List of Possible Avenues You Could Explore After You Graduate From College

  • You could start your own hired-assassin business and put the “V” back in violence.
  • Or, if you’re not into the whole killing-people-for-money scene, you could start a door-to-door lemonade stand, or open a restaurant with no chairs, just hammocks and tables.
  • You could also start a medieval scribe messenger service, where all the messengers would be dressed up as medieval scribes and skip along while carrying messages written on rolled-up pieces of papyrus as they play the flute. The messages would of course be written in calligraphy with quill pens and read aloud in mock old English. And if you don’t want the flute, you can request a piccolo, but that costs extra.
  • Then there’s always the option of creating a prison-themed restaurant called “The Pen.” Modeled after a composite of famous prison cafeterias from all over the country, “The Pen” would replicate in every detail what it’s like to chew down slop in the big house, right down to the leering eyes of the guards who are just waiting to blast you with their twelve gauge shotguns. Now when you first arrive at “The Pen,” you will be stripped of your street clothes, issued a uniform and number, shackled, and forced to shuffle through line being careful not to make eye contact with the dangerous men in hairnets serving you borderline inedible food. And instead of a maitre d’ there will be a soulless warden; a piece of advice: unless you’re looking to get thrown into solitary, don’t dare ask for a menu: just like in the state or county pen, there are no menus at “The Pen.” Oh, and every so often, a random diner would get “shanked,” because it’s all part of the experience.
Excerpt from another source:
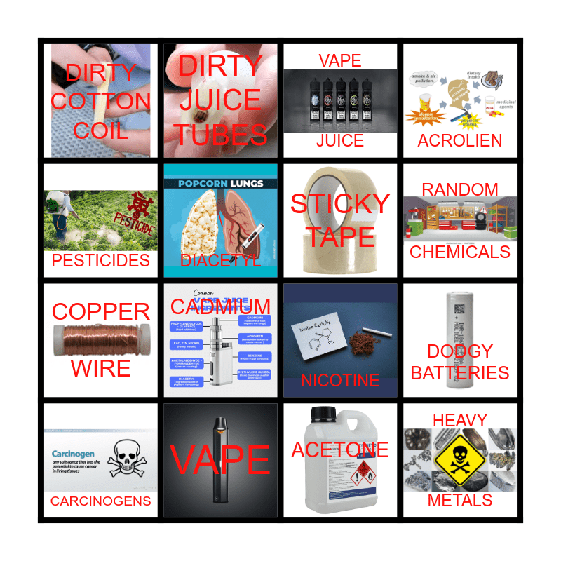 This bingo card has 16 images and 16 words: VAPE, DODGY BATTERIES, VAPE JUICE, DIRTY COTTON COIL, COPPER WIRE, DIRTY JUICE TUBES, NICOTINE, ACETONE, PESTICIDES, \ DIACETYL, CARCINOGENS, ACROLIEN, CADMIUM, RANDOM CHEMICALS, STICKY TAPE and HEAVY METALS.

  • You could hit the road with a covered wagon and do the Oregon Trail. Your biggest decisions will be deciding whether or not to pay for the ferry or ford the river—clearly risking your oxen, fellow party members, and supplies—and whether or not to stop when someone inevitably gets a snake bite.
  • Or if you don’t wanna travel, if you just wanna stay at home, you could write a biography on Ralph Macchio entitled: Paint the Fence: The Ralph Macchio Story, or your very own book on public speaking entitled: Just Picture Them In Their Underwear: Insert Your Name Here’s Guide To Public Speaking.
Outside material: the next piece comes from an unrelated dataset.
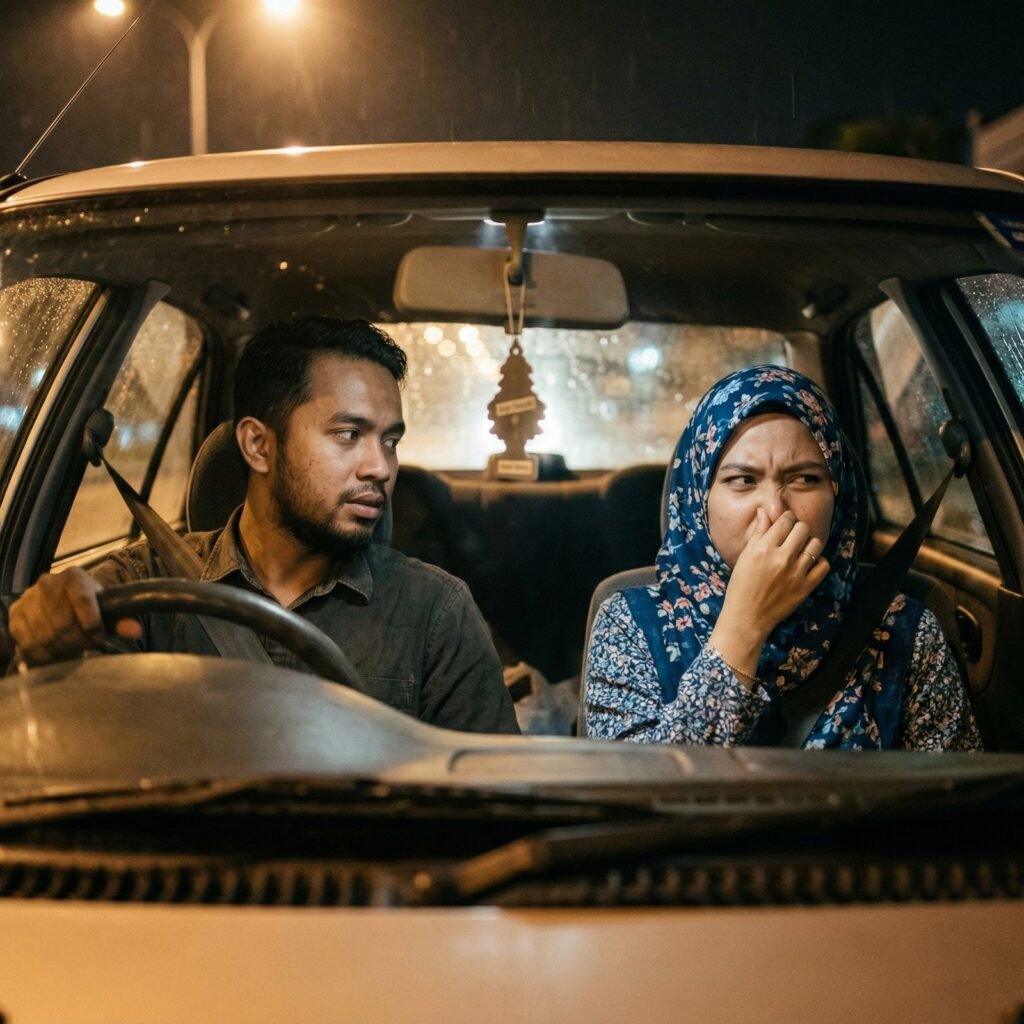 ❌ Bila travel jauh, anak-anak makan keropok dan sampah bertaburan di tempat duduk belakang.

  • You could become both the originator and central pioneer of “pirate rock” by forming a pirate rock band called Occupation: Pirate. All the members of your band will have the names of different positions on a ship: they’ll be the captain, the first mate, the cabin boy, et cetera, and your first album will be titled Land ho! and your first single, “Walking the Plank.” Other song titles will include: “Swabbin’ the Deck,” A Plundering We Will Go,” “Sea Legs,” and “Shiver Me Timbers.” Oh—and this is the clincher—every album will come with a free collectible eye patch. Arrrr! With this idea you’ll surely be setting sail for success.
    You could decide to run for president.—You can’t actually even run until you’re thirty-five, so that gives you about thirteen years to just hang out and get your platform, and vice-president and cabinet, and financial backing together.
  • You could work the fields and till the soil of our earth with the quiet dignity of a peasant.
  • There’s also the possibility of traveling the country performing impromptu hit sticks drum solos. Remember those things?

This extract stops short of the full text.